Kesadaran akan posisi manusia sebagai makhluk yang terpisah dan superior memunculkan berbagai masalah, sebab segala tindangan hanya akan didasarkan pada kepentingan manusia saja. Sumber daya alam bahkan secara sempit, seringkali didefinisikan sebagai segala sesuatu dari alam yang bisa digunakan untuk kepentingan manusia. Pun, bencana secara sempit diartikan segala sesuatu yang terjadi dan menimbulkan kerugian bagi manusia.

Masalahnya di Indonesia, untuk mencapai level antroposentris pun masih perlu dipertanyakan. Segala tindakan yang katanya dilakukan untuk sebaik-baik kepentingan rakyat, justru mengorbankan rakyat itu sendiri. Padahal jelas, kalaupun tanpa relasi pemerintah dengan rakyat, tanggung jawab untuk menjaga sesama manusia seharusnya terus ada. Apalagi, dengan relasi tersebut, yang muncul benar-benar dari suatu konsensus, diatur dalam undang-undang dan secara jelas menyebutkan pemerintah memiliki fungsi perlindungan.

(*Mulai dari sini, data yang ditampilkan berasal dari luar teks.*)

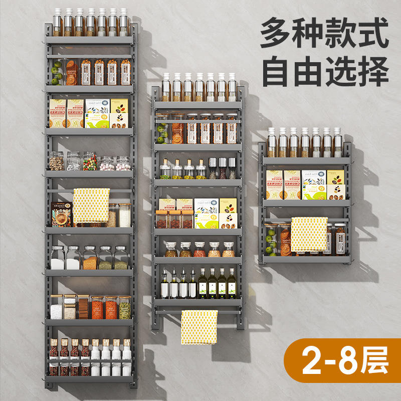 Estante de especias de pared Sea Shark de 3 niveles ajustable, estante de almacenamiento de cocina de acero al carbono para condimentos y utensilios

Pertanyaannya, perlindungan untuk siapa?

Penjelasan dari Undang-undang No. 30 Tahun 2014 Pasal 5 huruf b, secara eksplisit menyebut:

“… penyelenggaraan Administrasi Pemerintahan, Badan dan/atau Pejabat Pemerintahan tidak boleh melanggar hak-hak dasar Warga Masyarakat sebagaimana dijamin dalam Undang Undang Dasar Negara Republik Indonesia Tahun 1945.”

Namun dalam praktiknya, tindakan-tindakan yang dilakukan pemerintah seringkali hanya menguntungkan bagi sebagian golongan saja. Ambisi untuk mengejar angka, statistik, predikat, ranking, dan segala semacamnya, telah membunuh moralitas penguasa sehingga mengorbankan rakyatnya sendiri. Lantas, masih bisakah kita berharap pemerintah dapat melindungi lingkungan hidup yang kita tinggali?

Tekan dan Tinggalkan Partikularis-Egosentris

Desa Ciptagelar, sebuah desa di Sukabumi yang memiliki cadangan makanan hingga 95 tahun ke depan, meski hanya panen padi sekali setahun. Mereka memiliki sistem bercocok tanam organik untuk menjaga tanah tetap subur dan membiarkan tanah “bernapas,” dengan membatasi jumlah panen per tahun. Ciptagelar memastikan ekosistem tetap terjaga, menjadikan mereka adalah bagian integral dari ekosistem itu sendiri. Desa ini juga menggunakan energi dari matahari dan air, bukan batu bara.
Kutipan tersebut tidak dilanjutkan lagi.